Which, of course, is bullshit. Bigoted against fathers, adoptive parents, same-sex parents and mothers who have no choice but to work, yes, but also bullshit, too. Yes, there are some benefits to breastfeeding, baby wearing, etc. ad infinitum, but they have yet to produce any reliable, peer-reviewed studies saying kids who aren't constantly attended like this are suffering.

And in fact, looking at the college-age kids who were raised like this 20 years ago, a lot of them ARE suffering. They're so used to having mom (and occasionally dad) holding their hand 24/7 that they don't know how to do anything on their own. They don't know how to find information on their own, they don't know how to get a job or do their own schoolwork or pay their own bills or do their own taxes. They sometimes don't even know how to travel around their own city. When I did my recent college thing, I was absolutely astonished at the number of kids there who didn't even know how to do basic research, and whose attitude toward education was that it was just a piece of paper so they could get a job outside of the service industry. They're so pampered that they're actually offended by the idea that they should expend any of their own effort to get something they want: they're plagiarists, pirates, etc., and actually get upset when told that no, you have to work for that, and don't get to crib off of someone else's work. (And don't get me started on the ones who think that people who worked hard to get an education don't deserve more respect--including more respect for their opinions. Yes, kiddo, that dude with the geology doctorate DOES know more than you or your high-school dropout Aunt Sadie about carbon dating. STFU.)

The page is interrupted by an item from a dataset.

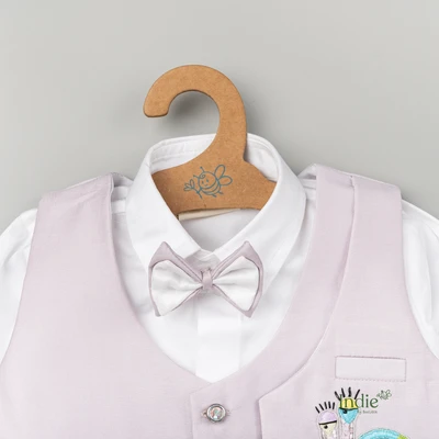 Colourful Snail Hand Embroidered With Bow Lavender Suit Set

I shudder to think that these kids might someday be running the country (or, as is more likely, that my own generation and the one before it are going to be stuck wiping their asses when we should be retired, because they're incapable of taking on the responsibility.)

The entire goal of parenting is to produce a healthy, sane, self-sufficient adult. Yes, that means being there for your infant when she needs you, but it also means teaching your little bird how to fly on her own. If you're not letting her fall sometimes, and learn how to pick herself up and start over again, you're not doing your job. Absolutely, you need to protect her from serious harm, and if you're too busy fucking off on your own whims to notice when your kid really does need you, you're not doing your duty. Parents who ignore their kids or let them come to major harm under the idea that they're "toughening them up" make me want to scream. But if you're playing human hamster ball for your kid, trying to ensure that she never even skins a knee, you're doing her a grave disservice. Your job as a parent is to teach your kid to fish, not just hand her a rod and expect her to know how, and not just give her fish so she never needs to learn.

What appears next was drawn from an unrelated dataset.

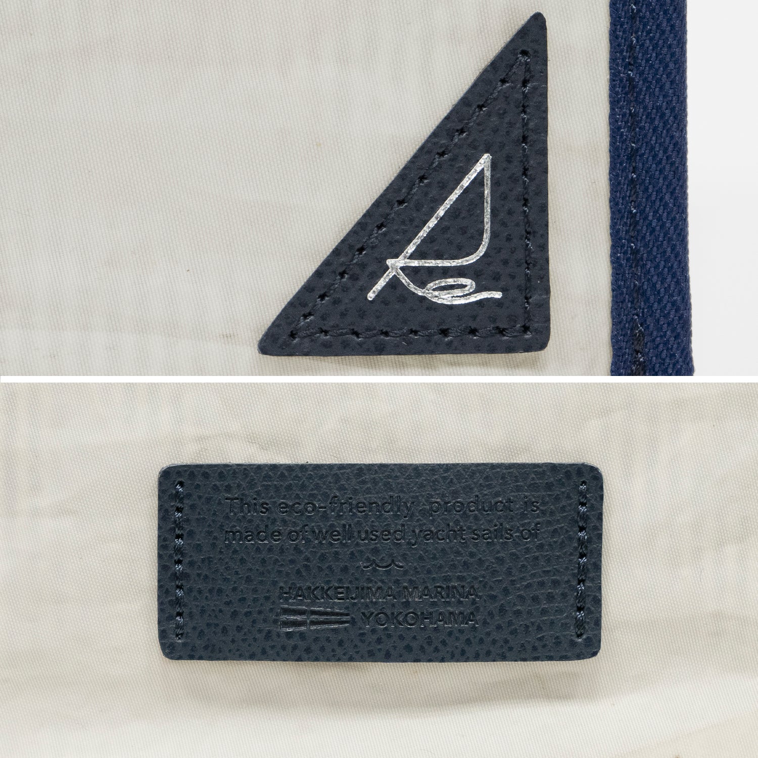 The yacht sails used by the Yacht Club of a sports university affiliated with Hakkeijima Marina for practice and competitions have been upcycled into the main material. After cleaning the fabric that would have been discarded, we selected the parts that could be reused and carefully sewed them in Japan.

Some of the problem here, of course, comes down to essentialist feminism. It's one of the few areas in which hardcore religion and hardcore hippies come together: the idea that a woman's natural purpose is birthing and raising children. Women raised to believe this also come to believe that being a mother is the core of their identity, and when they start sensing that their kid doesn't need them as much anymore, they panic, and start getting clingy. Some of them react by having another kid--making sure they have a dependent babe in arms as soon as the older one is walking and talking. Some of them react by trying to keep their kids as dependent as possible for as long as possible.

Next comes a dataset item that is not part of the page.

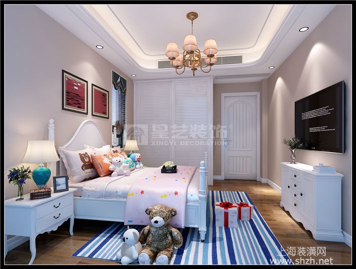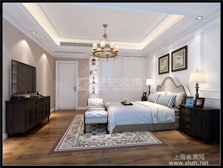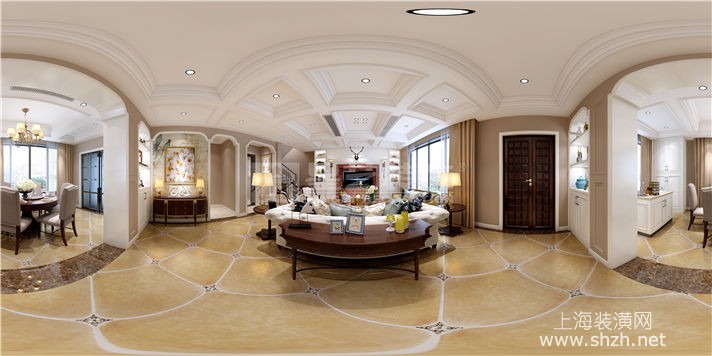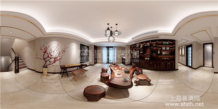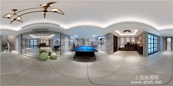 负二层娱乐室_副本.jpg - 设计师以现代美式风格刻画家居面貌,并以开放式的格局扩充空间视野,墙面以米黄色墙漆为背景色,配以深棕色实木家具,地面采用仿古砖,休闲气息中不失雅致氛围。客厅中心用裸露红砖砌成壁炉样式,配以鹿头装饰,不经意中展现北美狂野风情。天花层次井然,厚重而又不失灵巧。男业主平时有饮茶习惯,因此在地下一层开辟了一个专门用来喝茶的休闲空间,地下二层则是一家人锻炼的地方,设计师还细心的为学习舞蹈的小女儿准备了整面墙的镜子和压腿的器材。配饰方面,碎花壁纸和东方元素的加入给朴实温馨的家居又带来一丝活泼优雅的气息,打造出颇具美感,又颇具内涵的生活空间。

And no, this is not good for the kids, no matter how they try to spin it. More than anything else, kids need stable, adult role models in their lives. They need to see examples of people who are self-sufficient, fully formed people. If your entire life and identity is centered around them, and you have nothing else, then they're not learning that. (Not to mention that you're also setting yourself up for a serious crisis should you ever lose your source of financial support. If the only thing you know how to do is raise babies, you're completely screwed if your meal ticket goes away.)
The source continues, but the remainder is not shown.